Azure Databricks automation databricks-cli authentication issue aad token

Question

I am trying to create data toolchain in automated way. I am using Azure, databricks-cli. https://github.com/Azure-Samples/modern-data-warehouse-dataops/blob/main/e2e_samples/parking_sensors/scripts/deploy_infrastructure.sh

I have issue to authenticate to databrics with aad token, generate PAT.

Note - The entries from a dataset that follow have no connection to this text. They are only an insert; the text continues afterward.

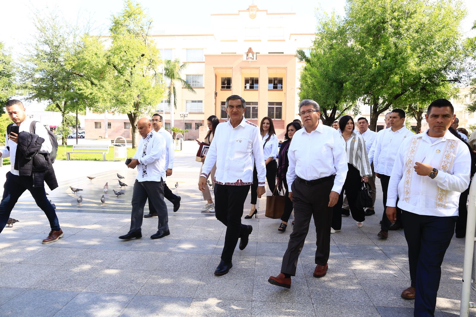 “Estamos muy complacidos, sobre todo, de tener aquí con nosotros al doctor Ricardo Monreal, que siempre ha sido un referente nacional en los cambios legislativos y el trabajo que hizo durante la gestión del presidente López Obrador; y que aún seguimos con ese empeño y esa dedicación de dejar, desde el punto de vista del legislativo, un mejor país con esta visión de transformación”, dijo.
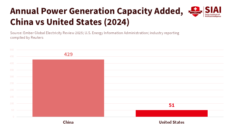 The crucial factor in today's artificial intelligence competition isn't just processing speed or venture capital investment; it's energy capacity, measured in gigawatts. In 2024, China's new power capacity grew by an estimated 429 gigawatts, while the United States added about 51 gigawatts. This difference reflects two distinct approaches: one views consistent, large-scale electricity as a vital public resource, while the other relies on fragmented markets and lengthy approval processes. If electricity supply limits processing power, the country capable of constructing, supplying, and operating large-scale artificial intelligence data centers will have a considerable advantage in speed, costs, and strategic resilience. This isn't just about technology; it affects where research centers develop, which businesses can innovate quickly, and which governments must create the regulations for future infrastructures. Energy capacity for artificial intelligence data centers is a geopolitical strategy more than an engineering issue.
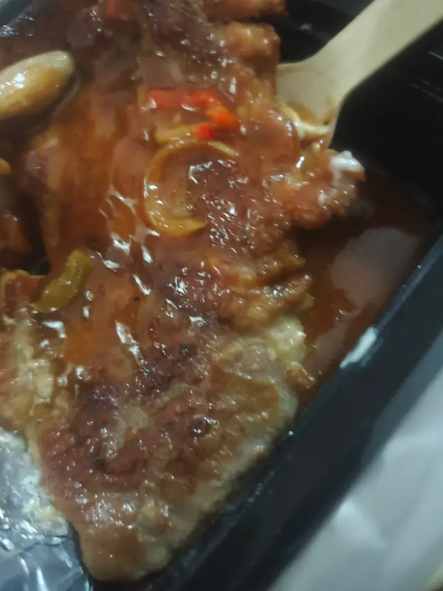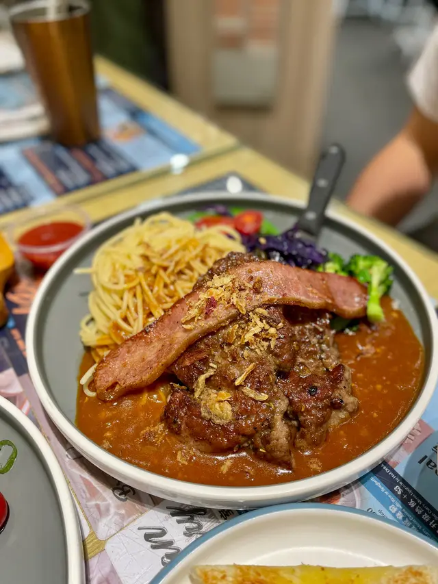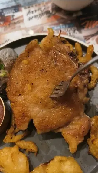 香煎紐西蘭極黑厚切豬扒脆炸洋蔥
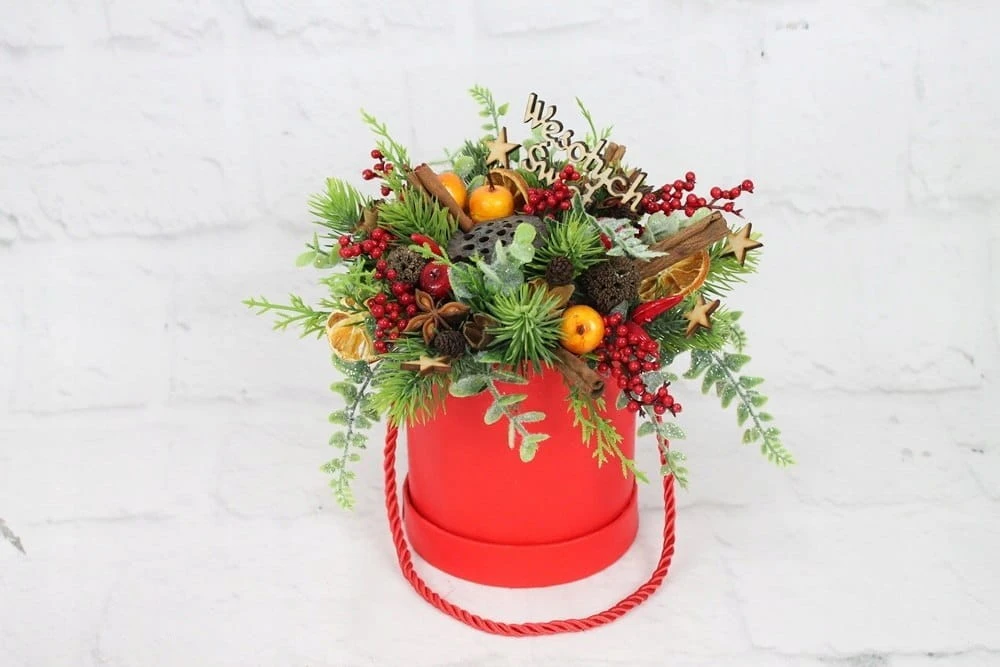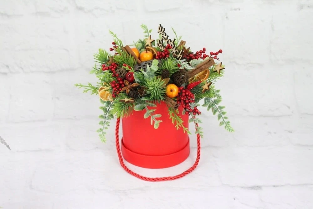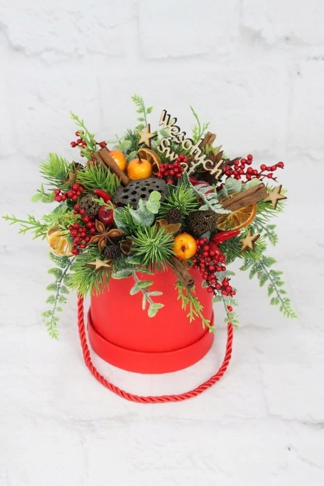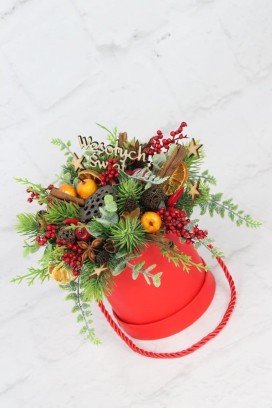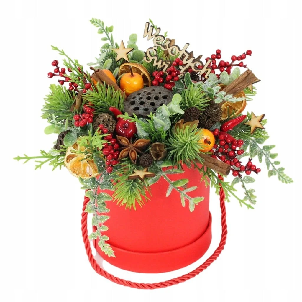 Flower box świąteczny stroik CZERWONY dekoracja domu
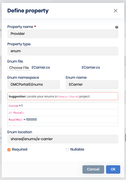 public enum ECarrier { Custom = 1, // Postal: RoyalMail = 100000, // Carrier: Dhl = 200000, Dpd = 201000, Yodel = 202000 }Kind Regards, AJ.
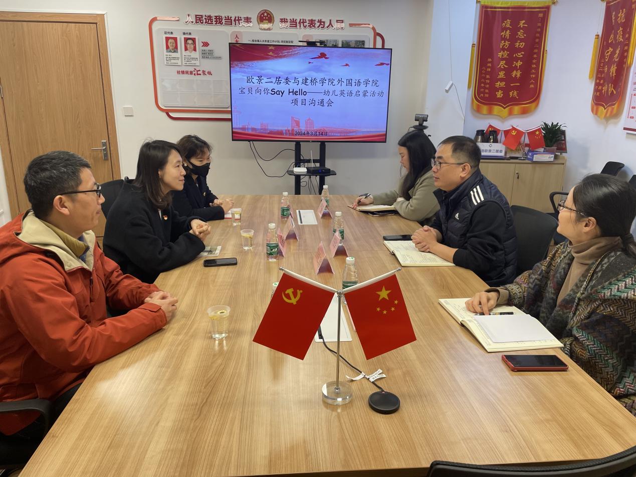 2024年 3月21日,外国语学院党委书记杜鹃、英语系主任林安洪、组织员刘沛雨赴南汇新城镇申港社区宜浩欧景,与宜浩欧景二居委党支部书记付安华,居委副主任赵彩红等同志就“学思想创青春,助力社区新发展”院社共建活动进行进一步洽谈。会议伊始,宜浩欧景二居委付安华书记对外国语学院领导和老师们的到来表示热烈的欢迎,并表示外国语学院在社区开展的两期幼儿英语启蒙活动都已圆满结束,学院志愿者队伍展现了当代大学生的风采,认真的工作态度也得到了居民的高度认可,为社区的小朋友们提供了一个学习交流的平台,也在寓教于乐的氛围中促进了儿童的健康成长。为不断增强社区居民的幸福感和满意度,居委工作者也汇集了居民的建议和意见,希望学院结合居民需求不断优化教课方案。随后,杜书记感谢宜浩欧景二居委为我们学生提供了丰富的实践平台以及高度认可,并表示学院会以常态化开展和精准化服务相结合的思路,进一步深化“院社共建”的实践育人理念,持续培育和引导英语教育专业的“小先生”们,强化合作交流,形成发展合力。会上,双方还就课程优化、合作模式、实践基地的打造等问题进行了深入交流,促进了院社合作的持续深入发展。院社共建聚合力,共融共享促发展

echo "Generate Databricks token"
databricks_host=https://$(echo "$arm_output" | jq -r '.properties.outputs.databricks_output.value.properties.workspaceUrl')
databricks_workspace_resource_id=$(echo "$arm_output" | jq -r '.properties.outputs.databricks_id.value')
databricks_aad_token=$(az account get-access-token --resource 2ff814a6-3304-4ab8-85cb-cd0e6f879c1d --output json | jq -r .accessToken) # Databricks app global id

This is causing me problems.

# Use AAD token to generate PAT token
databricks_token=$(DATABRICKS_TOKEN=$databricks_aad_token \
    DATABRICKS_HOST=$databricks_host \
    bash -c "databricks tokens create --comment 'deployment'" | jq -r .token_value)

How to authenticate to databricks in order to being able to use databricks cli ??

later I am trying to create secrets but it fails as I am not authenticated.

# Create secret scope
databricks secrets create-scope --scope "$scope_name" \
    --scope-backend-type AZURE_KEYVAULT \
    --resource-id "$KEYVAULT_RESOURCE_ID" \
    --dns-name "$KEYVAULT_DNS_NAME"

---

Thank you Alex, unfortunately it still does not work on Azure. System:

az login - as subscription owner done

databricks -v
Version 0.16.4

export DATABRICKS_HOST='https://xxx-xxx.16.azuredatabricks.net'
export DATABRICKS_TOKEN=$(az account get-access-token --resource 2ff814a6-3304-4ab8-85cb-cd0e6f879c1d --output json | jq -r .accessToken)

First attempt:

databricks tokens list
Error: b'<html>\n<head>\n<meta http-equiv="Content-Type" content="text/html;charset=utf-8"/>\n<title>Error 403 User not authorized.</title>\n</head>\n<body><h2>HTTP ERROR 403</h2>\n<p>Problem accessing /api/2.0/token/list. Reason:\n<pre>    User not authorized.</pre></p>\n</body>\n</html>\n'

Second attempt:

databricks secrets create-scope --scope "XXX"     --scope-backend-type AZURE_KEYVAULT     --resource-id "$KEYVAULT_RESOURCE_ID"     --dns-name "$KEYVAULT_DNS_NAME"
Error: b'<html>\n<head>\n<meta http-equiv="Content-Type" content="text/html;charset=utf-8"/>\n<title>Error 403 User not authorized.</title>\n</head>\n<body><h2>HTTP ERROR 403</h2>\n<p>Problem accessing /api/2.0/secrets/scopes/create. Reason:\n<pre>    User not authorized.</pre></p>\n</body>\n</html>\n

Answer 1

You don't need personal access token to create a scope. Just set DATABRICKS_HOST to URL of workspace and DATABRICKS_TOKEN to value of AAD token, and then use databricks secrets create-scope - this command won't work with personal access token. Something like this:

export DATABRICKS_HOST=...
export DATABRICKS_TOKEN=$(az account get-access-token --resource \
  2ff814a6-3304-4ab8-85cb-cd0e6f879c1d --output tsv --query accessToken)
databricks secrets create-scope --scope "$scope_name" \
    --scope-backend-type AZURE_KEYVAULT \
    --resource-id "$KEYVAULT_RESOURCE_ID" \
    --dns-name "$KEYVAULT_DNS_NAME"

but please note that this AAD token should be of the real user, not service principal - that's a known limitation:

You need an Azure AD user token to create an Azure Key Vault-backed secret scope with the Databricks CLI. You cannot use an Azure Databricks personal access token or an Azure AD application token that belongs to a service principal.

P.S. If you're automating things, you can look onto Databricks Terraform Provider that can help with such stuff.